A single use thermal switch having a tubular casing within which a mechanical isolation cage is axially movable. The cage is normally urged by a helical compression spring against a fusible pellet which melts at a temperature at which it is desired to disconnect the electrical circuit. An electrically conductive contact member extending transversely through the isolation cage is normally urged by a helical compression spring toward one end of the cage and against the end of one electrical lead that is coaxial with the casing. The contact member is foldable along a line across its center. The force of the contact member pressed against the end of the lead urges the contact member to fold to cause the ends thereof to be forced against the inside wall of the casing to establish electrical connection between the casing and the lead through the contact member.

Description

FIELD OF THE INVENTION

The present invention relates to a single use thermal switch having a fusible pellet that melts at a predetermined temperature permitting an electrical contact member to move to break the electrical circuit.

BACKGROUND OF THE INVENTION

The prior art includes a number of different configurations for single use or one shot thermal switches having fusible pellets that melt at a predetermined temperature, as illustrated by U.S. Pat.
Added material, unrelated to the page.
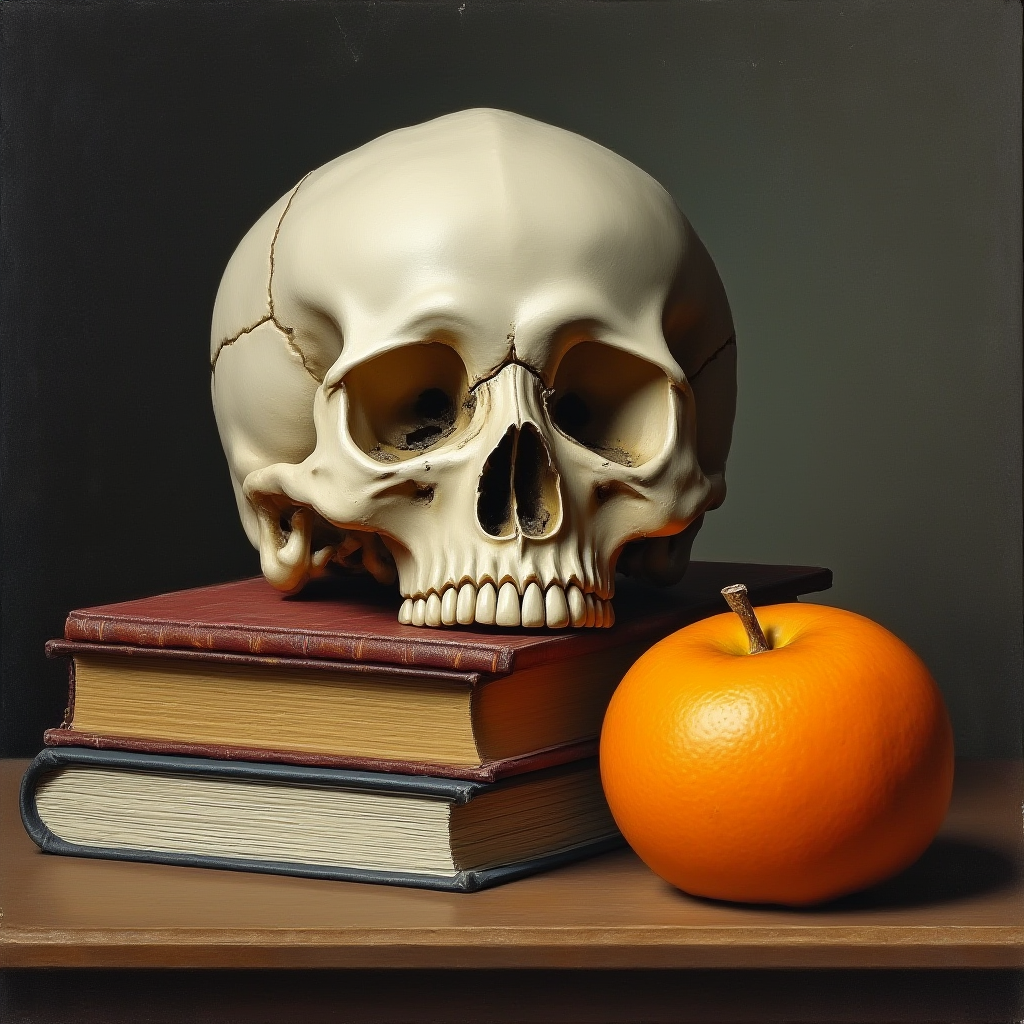 프롬프트: Still life painting of a skull above a book, with an orange on the right and an apple on the left
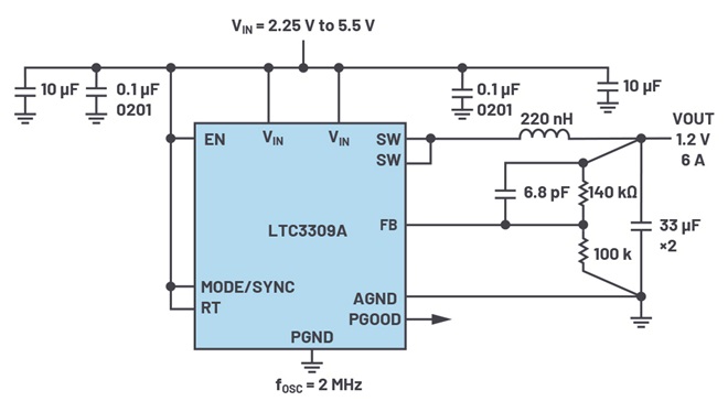 ▲ 그림2. 1.2V에서 2.25V ~ 5V 입력으로부터 1.2V출력 6A를 공급하는 LTC3309A 애플리케이션 회로도.

Nos. 3,180,958; 3,281,559; 3,519,972; 3,924,218; 4,060,787; 4,068,204; 4,145,654; 4,246,561 and 4,246,564. Several million switches of the type illustrated in FIGS. 1-6 of U.S. Pat. No. 3,519,972 and in U.S. Pat. No. 4,060,787 are utilized each year in small home appliances subject to overheating upon failure, such as coffee makers and hair dryers. These most popular designs, and several of the others, utilize a contact member that is axially slidable within the tubular casing and has a resilient periphery that contacts the inside wall of the casing with a constant radial force. The contact member normally contacts the end of the insulated lead to complete the circuit from the case through the contact element to the lead and upon melting of the fusible pellet the disc is pushed away from the lead to disconnect the circuit. This design has proven highly reliable when the parts are within tolerance and are properly assembled within the switch. However, since the pressure exerted by the periphery of the contact member against the casing is only necessary to reliably complete the electrical connection in the normal state, it would be most desirable if that force would diminish when the temperature was reached at which it was desired to open the circuit so that the contact member could more easily slide in the casing to move away from the electrical lead and disconnect the circuit.

SUMMARY OF THE INVENTION

The present invention provides a thermal switch having a tubular, electrically and thermally conductive metal casing. A first electrically conductive lead is joined to and extends from one end of the metal case to seal off the end and make electrical connection to the casing. An insulative ceramic bushing at the opposite end of the casing, has its bore coaxial with the casing and seals the end of the casing. A second electrically conductive lead extends into the casing through the bore of the ceramic bushing and out of the casing to insulate the lead from the casing and to permit electrical connection thereto outside the casing. A normally solid, fusible pellet is within the casing adjacent the one end. A mechanical isolation cage is within the casing and has first and second parallel ends perpendicular to the axis of the casing, the cage being axially slidable within the casing and having a central opening in its first end through which the second lead normally freely passes. A first helical compression spring is between the ceramic bushing and the first end of the cage and urges the cage against the fusible pellet. An electrically conductive contact member extends through the cage in a direction perpendicular to the axis of the casing and has its ends terminating in close proximity to the side walls of the casing. The contact member is foldable along a line across its center and has a portion to each side of its center that has a component perpendicular to the axis of the casing and a component parallel to the axis of the casing. A second helical compression spring is between the second end of the cage and the contact member and presses the contact member against the end of the second lead to cause the contact member to fold until its ends contact the side wall of the casing.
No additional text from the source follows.